REQUIRED ACTION:
From the data below, return the exact lines starting at the line containing "Detection of TUNEL-positive" and ending at the line containing "Bracelet: The 11-link", both included, and nothing else.

DATA IN THIS EXERCISE:

[Start of Attachment]

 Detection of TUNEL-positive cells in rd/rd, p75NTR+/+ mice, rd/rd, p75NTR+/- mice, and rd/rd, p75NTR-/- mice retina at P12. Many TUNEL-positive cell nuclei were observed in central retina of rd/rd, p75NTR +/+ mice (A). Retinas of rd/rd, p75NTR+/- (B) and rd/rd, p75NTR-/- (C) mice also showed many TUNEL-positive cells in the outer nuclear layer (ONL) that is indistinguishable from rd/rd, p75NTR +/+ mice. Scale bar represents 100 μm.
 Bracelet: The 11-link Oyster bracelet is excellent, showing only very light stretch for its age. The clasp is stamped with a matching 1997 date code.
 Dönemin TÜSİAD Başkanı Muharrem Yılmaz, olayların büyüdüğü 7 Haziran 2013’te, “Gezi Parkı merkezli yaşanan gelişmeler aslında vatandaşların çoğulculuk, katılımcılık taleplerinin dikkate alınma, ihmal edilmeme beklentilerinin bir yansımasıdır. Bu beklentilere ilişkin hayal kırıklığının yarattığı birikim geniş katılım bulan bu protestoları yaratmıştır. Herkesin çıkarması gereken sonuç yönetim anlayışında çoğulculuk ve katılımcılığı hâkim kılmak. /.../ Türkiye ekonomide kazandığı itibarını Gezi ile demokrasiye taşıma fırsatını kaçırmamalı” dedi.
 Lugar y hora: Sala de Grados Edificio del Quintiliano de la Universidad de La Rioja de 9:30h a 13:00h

[End of Attachment]
[Start of Attachment]

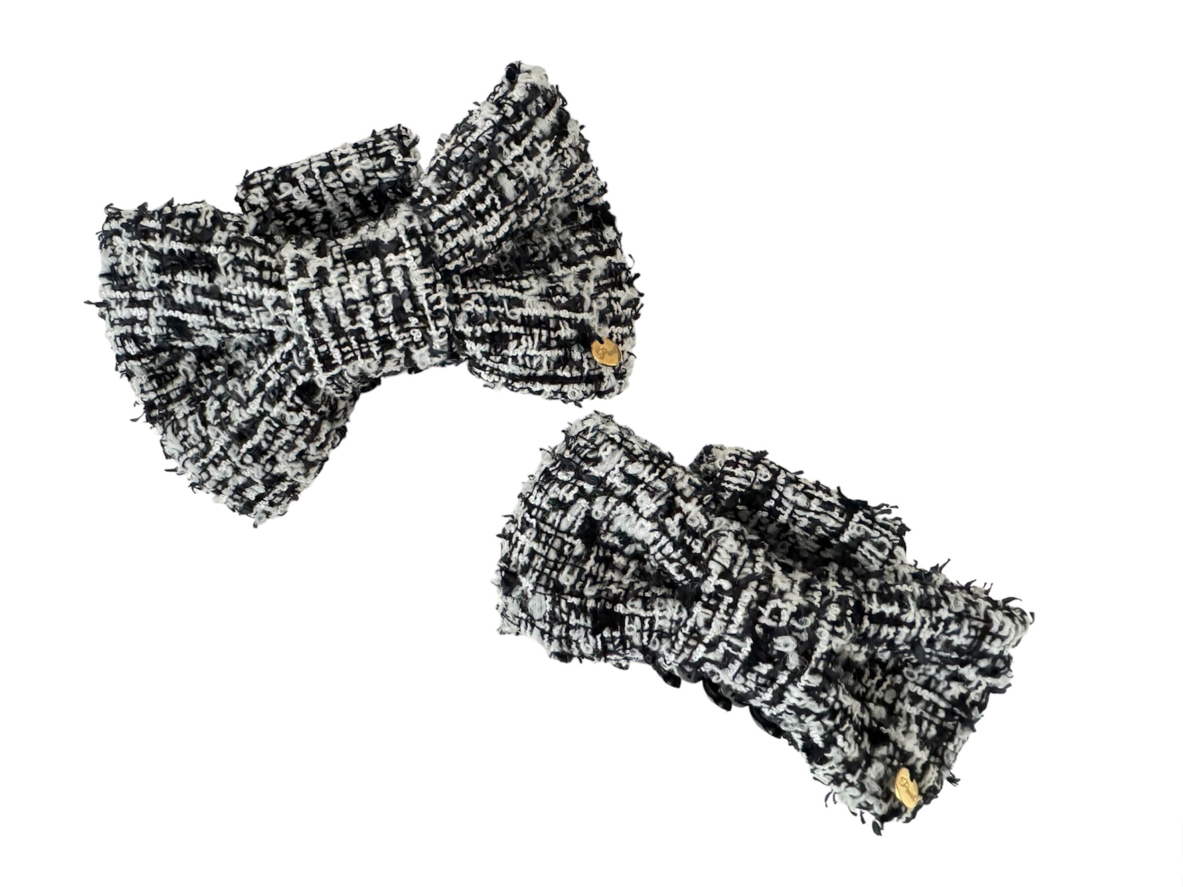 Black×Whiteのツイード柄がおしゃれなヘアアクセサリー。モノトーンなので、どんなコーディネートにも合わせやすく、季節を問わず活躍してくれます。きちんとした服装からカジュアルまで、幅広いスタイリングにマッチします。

[End of Attachment]
[Start of Attachment]

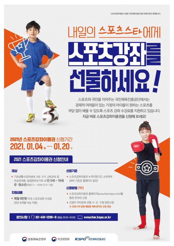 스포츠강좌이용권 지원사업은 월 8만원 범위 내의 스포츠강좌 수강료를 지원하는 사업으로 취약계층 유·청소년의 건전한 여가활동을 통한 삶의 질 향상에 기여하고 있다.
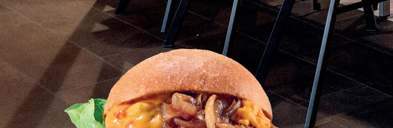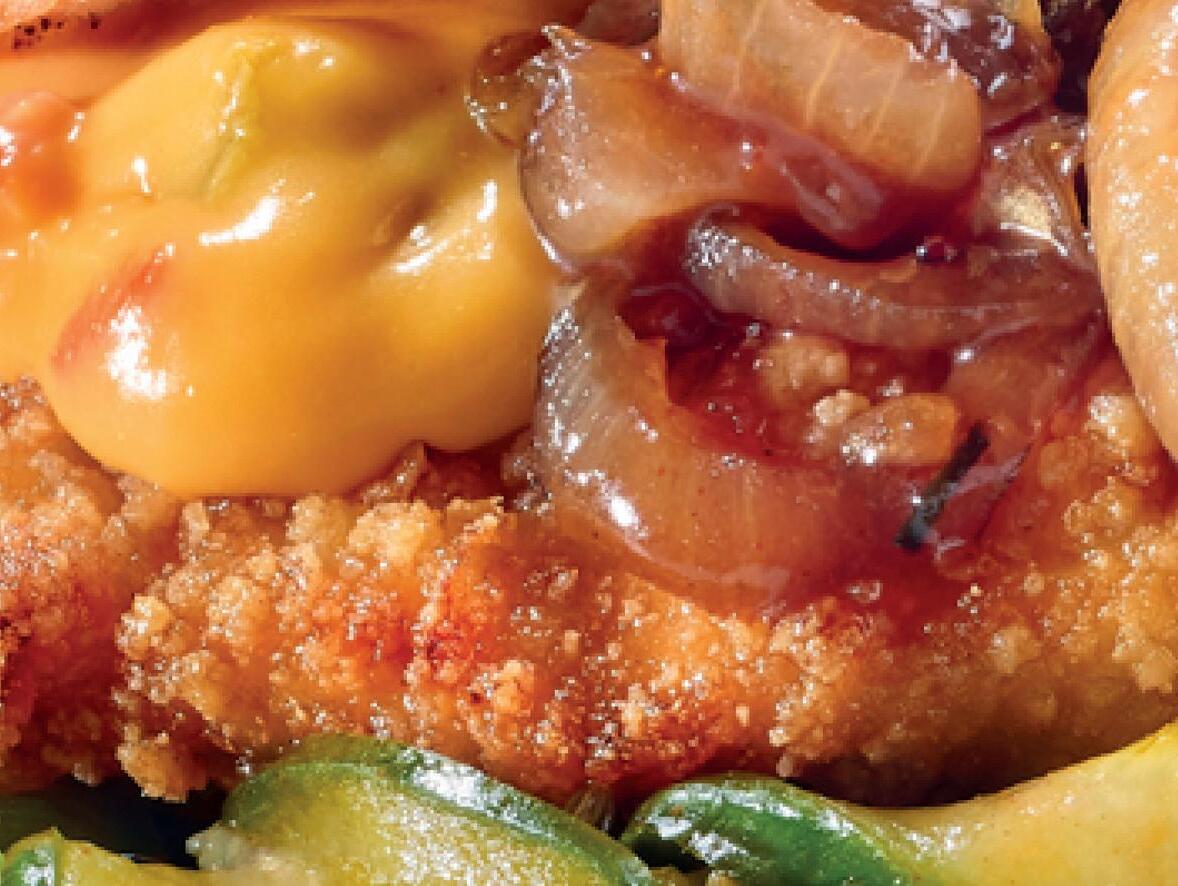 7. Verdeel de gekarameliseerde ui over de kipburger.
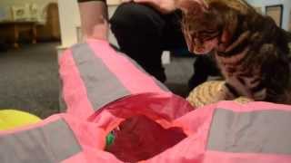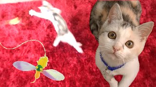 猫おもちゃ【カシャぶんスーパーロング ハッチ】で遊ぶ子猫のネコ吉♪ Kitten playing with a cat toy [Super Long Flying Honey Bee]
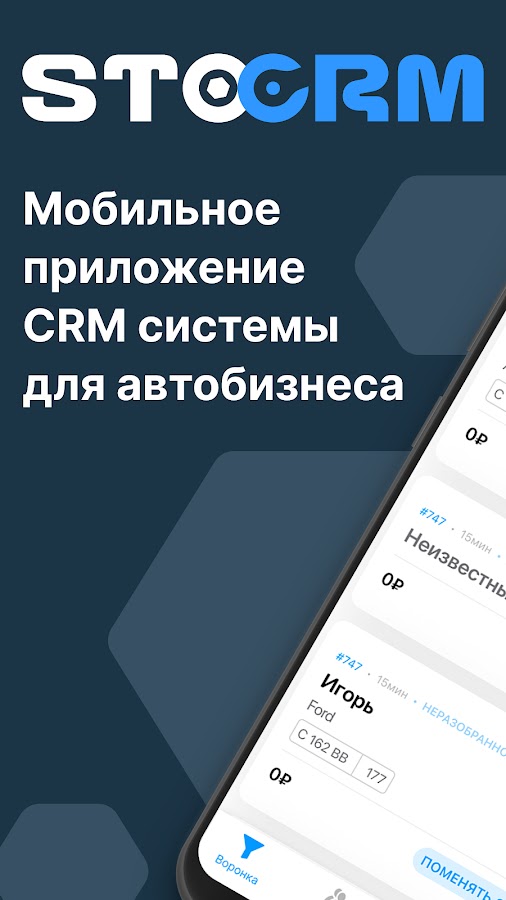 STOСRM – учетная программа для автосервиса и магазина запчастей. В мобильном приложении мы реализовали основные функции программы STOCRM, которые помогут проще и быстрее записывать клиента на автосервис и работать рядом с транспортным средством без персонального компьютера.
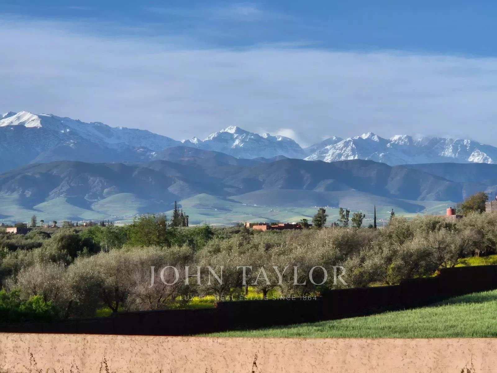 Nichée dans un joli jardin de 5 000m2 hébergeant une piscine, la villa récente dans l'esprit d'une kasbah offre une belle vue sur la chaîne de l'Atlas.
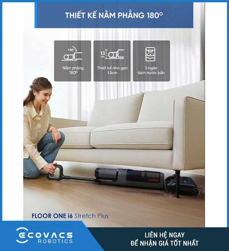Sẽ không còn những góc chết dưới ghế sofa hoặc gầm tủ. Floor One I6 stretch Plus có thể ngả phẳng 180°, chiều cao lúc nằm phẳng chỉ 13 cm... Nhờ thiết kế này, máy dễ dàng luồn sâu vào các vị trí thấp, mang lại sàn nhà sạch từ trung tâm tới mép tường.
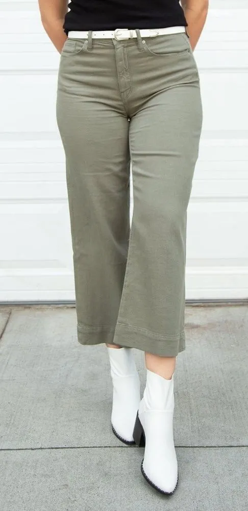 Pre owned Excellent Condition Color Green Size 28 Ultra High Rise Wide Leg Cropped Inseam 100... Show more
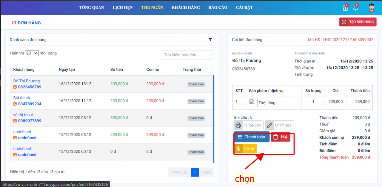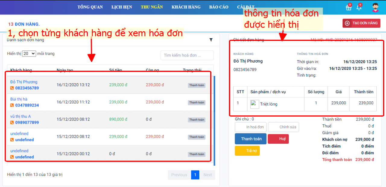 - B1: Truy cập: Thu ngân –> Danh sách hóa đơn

[End of Attachment]

YOUR RESPONSE:
 Detection of TUNEL-positive cells in rd/rd, p75NTR+/+ mice, rd/rd, p75NTR+/- mice, and rd/rd, p75NTR-/- mice retina at P12. Many TUNEL-positive cell nuclei were observed in central retina of rd/rd, p75NTR +/+ mice (A). Retinas of rd/rd, p75NTR+/- (B) and rd/rd, p75NTR-/- (C) mice also showed many TUNEL-positive cells in the outer nuclear layer (ONL) that is indistinguishable from rd/rd, p75NTR +/+ mice. Scale bar represents 100 μm.
 Bracelet: The 11-link Oyster bracelet is excellent, showing only very light stretch for its age. The clasp is stamped with a matching 1997 date code.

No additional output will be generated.